The Trump administration has signaled a reduction in government funding across many departments, including FDA and other government agencies, like the National Institutes of Health, that fund research and development activities. As discussed below, reductions and fluctuations in FDA funding can directly impact biotech M&A in several ways, making it more likely that biotechs will seek to combine with peers or be acquired by large pharma companies.

• Cash Runway Concerns: Funding and workforce reductions will stretch the FDA’s already limited resources. While the FDA’s processes for reviewing new drug products rely significantly on user fees paid by the company seeking approval, some processes, including facility inspections, rely to a certain extent on appropriated funds. FDA inspection processes have operated under backlogs in previous years because of pandemic-related delays and additional budget cuts could further hinder review processes.

  Reduced funds may make it more difficult for the FDA to conduct reinspections at facilities for product candidates whose sponsors received complete response letters for Chemistry Manufacturing and Controls-related issues or to clear warning letters at contract manufacturing sites. These delays in clearing necessary approval hurdles could cause financing overhangs for smaller biotech companies with capital intensive operations that are waiting for approval before launching commercialization.

  Some new products also may depend on multiple FDA components, such as drug products that will be marketed with a companion diagnostic, which results in additional points of vulnerability for delays and increased costs. Even if user-fee funding continues to be available at the FDA, reduced funding may hinder agency coordination and regulatory functions. M&A may increasingly become a financing solution for biotech companies facing funding challenges and FDA delays.

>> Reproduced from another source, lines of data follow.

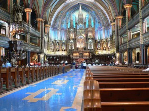 Rendez-vous sur la Place d’Armes où se tient une statue de Paul de Chomedey de Maisonneuve, l’un des fondateurs de Montréal. Cette place abrite la magnifique basilique Notre-Dame, un chef d’œuvre d’architecture néo-gothique, elle est l’un des monuments les plus connus de Montréal. Dans l’une de ses deux tours, elle abrite l’une des plus grosses cloches du monde. Dedans vous découvrez toute la richesse de ses boiseries qui habillent les murs, la pureté de ses vitraux qui résument l’histoire de la ville ainsi que les motifs des feuilles d’or de sa voûte et ses colonnes sculptées.
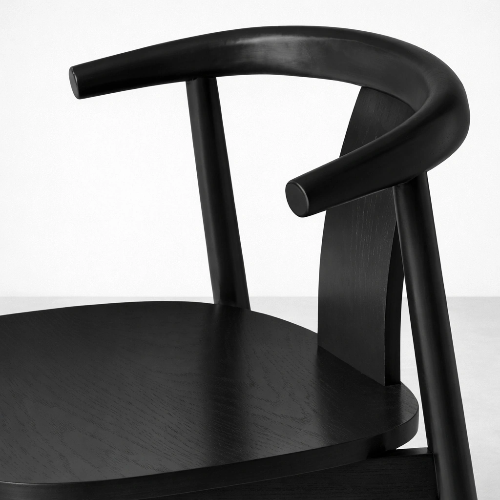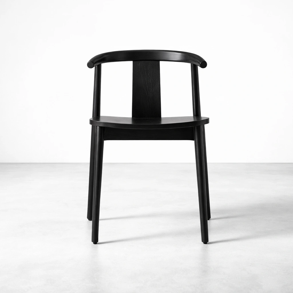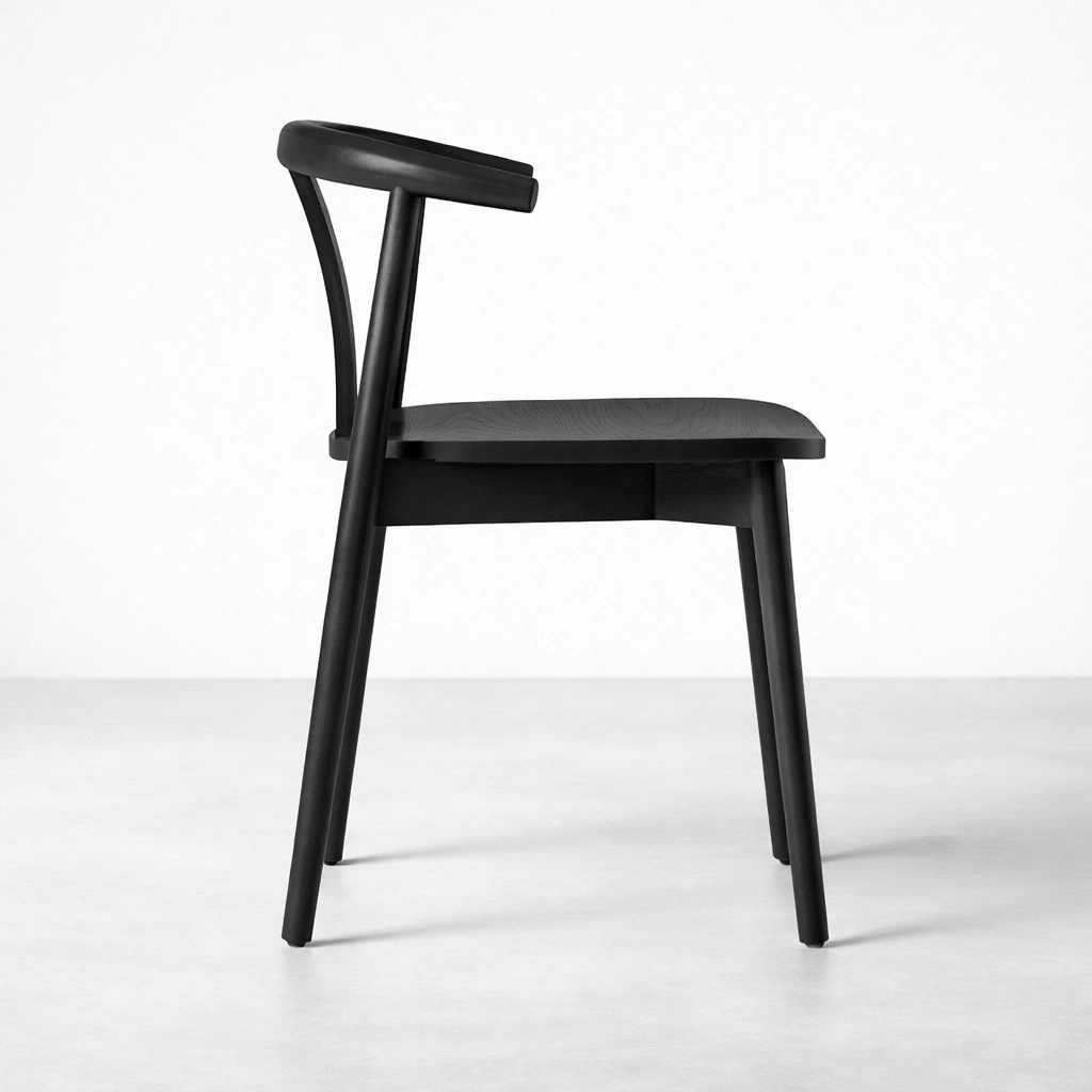 Finished in a smooth black polish, the chair reflects a refined, modern character while preserving the natural grain beauty of teakwood. Its minimalist silhouette allows it to complement dining tables, cafes, restaurants, and contemporary homes seamlessly.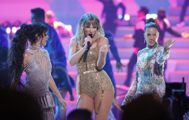 2019 American Music Awards – Show – Los Angeles, California, U.S., November 24, 2019 – Camila Cabello, Taylor Swift and Halsey perform. REUTERS/Mario Anzuoni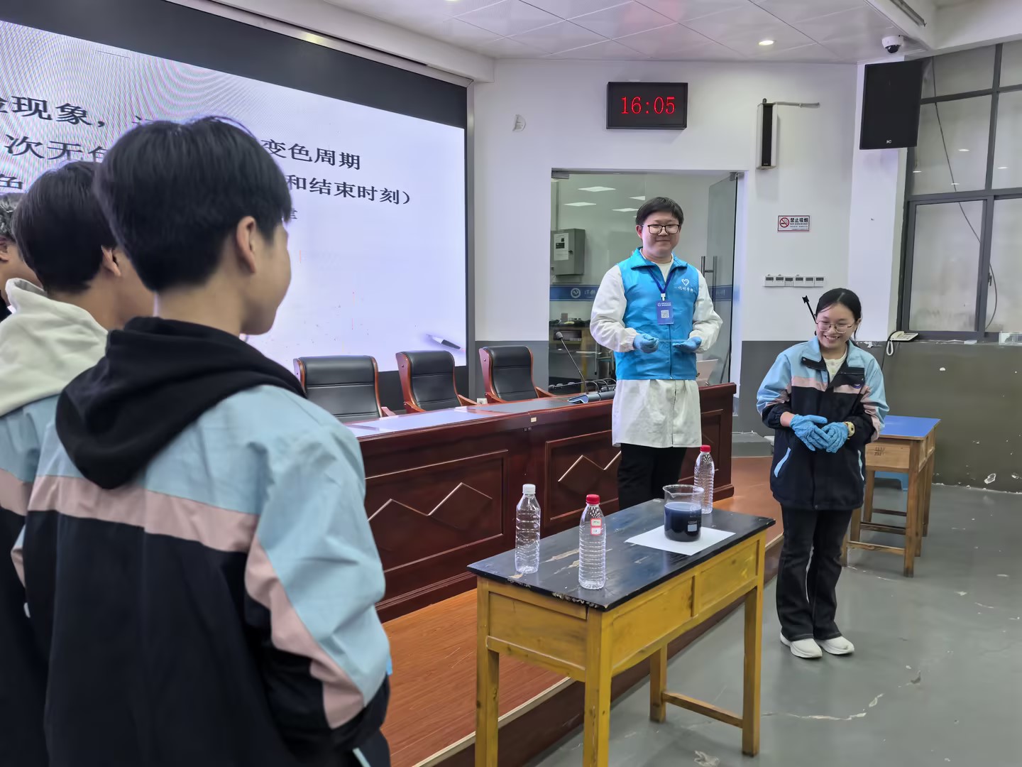 3. 原理解读:安师大团队同步讲解该反应的“自组织特性”,帮助学生理解非线性化学的基础逻辑,实现趣味观察与深度认知的结合。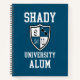 This Shady University Alum used their four years of matriculation to indulge in idle gossip and is practiced in the art of being subtle about disrespecting or criticizing someone. Look at all those multi-syllable words, we Alums really did learn something and like to show off our alma mater school crest with pride on an ocean blue background. Alma mater crest with Shady University school initials shows sunglasses and gossip on the back and is personalized with the name of the proud graduate. Don't forget to choose your paper option: graph, lined, or bullet.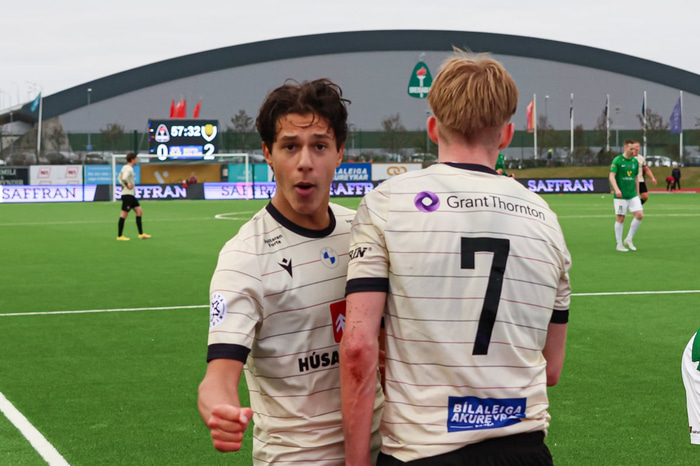 „Já, hann spilaði með 2. flokki í gær og er búinn að æfa með okkur og U19 liðinu. Þetta lítur mjög vel út og engin eftirköst eða neitt. Síðasta hindrun hjá strákum sem lenda í svona meiðslum er bara að þora að fara í fyrstu tæklinguna eða svona; treysta ökklanum. Ég tel hann vera búinn að gera það."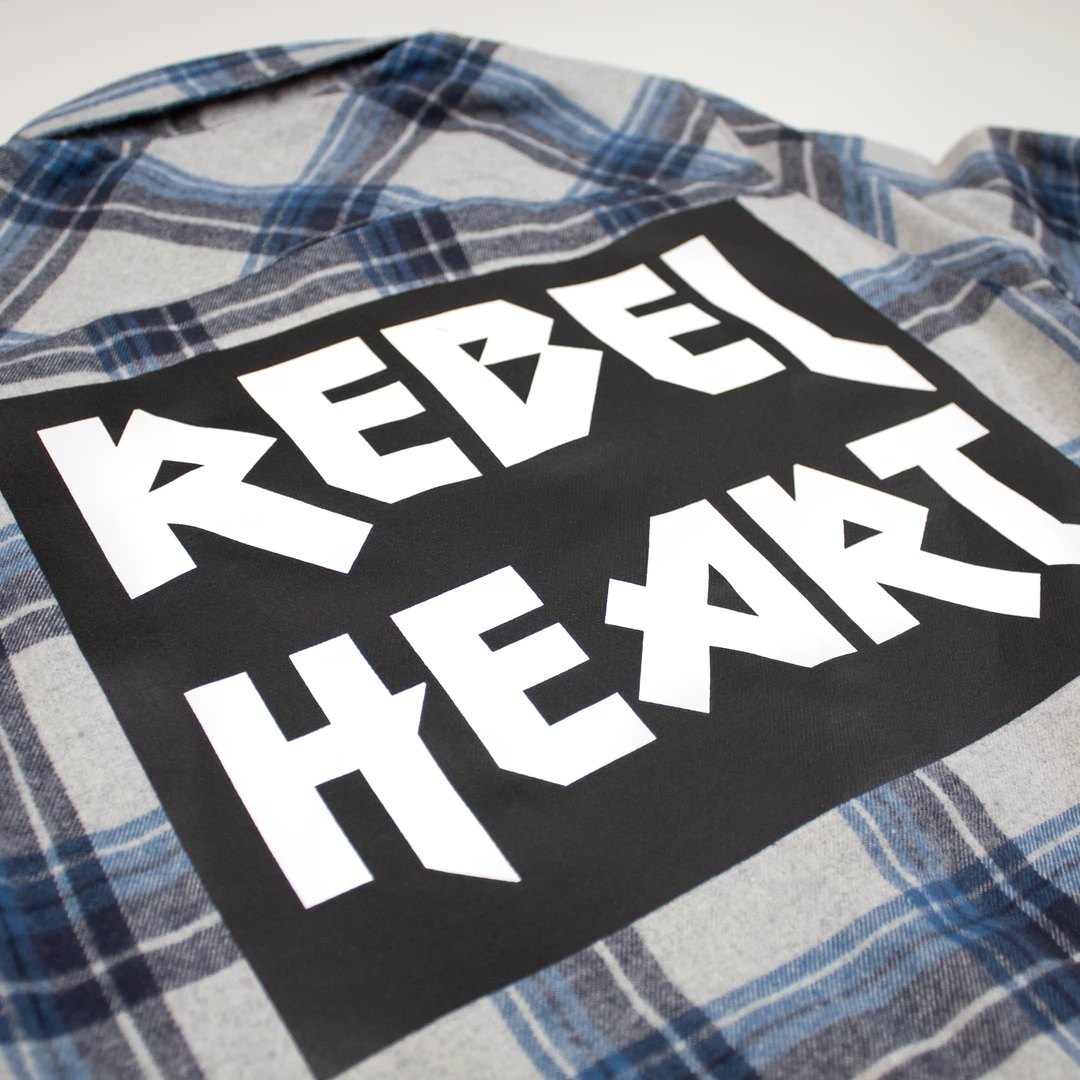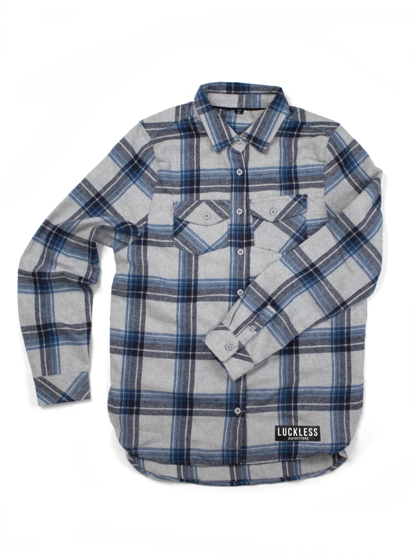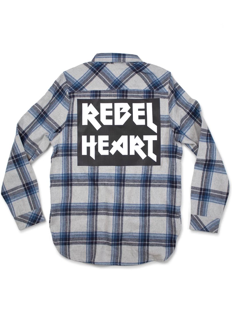 Ladies fit. This Blue/Gray Plaid boyfriend style flannel features a large back print in black and white. Definitely gives off alternative vibes.

• Regulatory Uncertainty: Funding changes can affect how the FDA conducts its routine operations, including the resources available to address novel technologies. Decreased funding also may result in a loss of personnel with experience and expertise that can, in some cases, expedite regulatory decision-making. Similarly, even if the FDA continues to operate review processes pursuant to user-fee funding, the agency’s ability to hire additional talent to support new technologies, such as artificial intelligence, may be hindered by new executive orders that tie new hiring to other federal employee departures.

  Funding changes also may create additional uncertainty in the FDA’s capacity to implement existing and new regulatory requirements. For example, although currently subject to ongoing litigation, funding changes may impact the FDA’s ability to regulate laboratory-developed tests, which are sometimes used to support drug development or as companion diagnostics even after drug approval. Decreased funding that leads to government shutdowns also may hinder routine regulatory processes. All of these changes can cause delays and uncertainty in the regulatory process, which may impact the timing and valuation of M&A deals, as well as other strategic alternatives.

• Investor Confidence: How the FDA is funded and how efficiently it works can influence investor confidence in the biotech sector. If there are delays or uncertainty, investors may be more cautious about investing in biotech companies. This can affect company valuations and artificially skew the attractiveness of some companies and their technology for M&A partners.


• Strategic Alternatives: As biotech companies face funding problems or FDA delays, they may be more likely to seek a merger or acquisition to get the necessary capital from cash-rich or synergistic partners. Well-funded large pharma companies might see opportunities to acquire financially distressed companies at opportunistic values, and there may be increased interested in biotech companies from private equity firms that have a backlog of dry powder to deploy. Additionally, activist investors are expected to continue campaigning for financially stretched biotech companies to review strategic alternatives, including a sale of the company.

While it is easy to anticipate that funding cuts across government agencies will impact the work that gets done, there also will be indirect consequences that may be significant. The reduction of FDA funding and its profound impact on biotech companies, including on M&A activity within the industry, is just one example.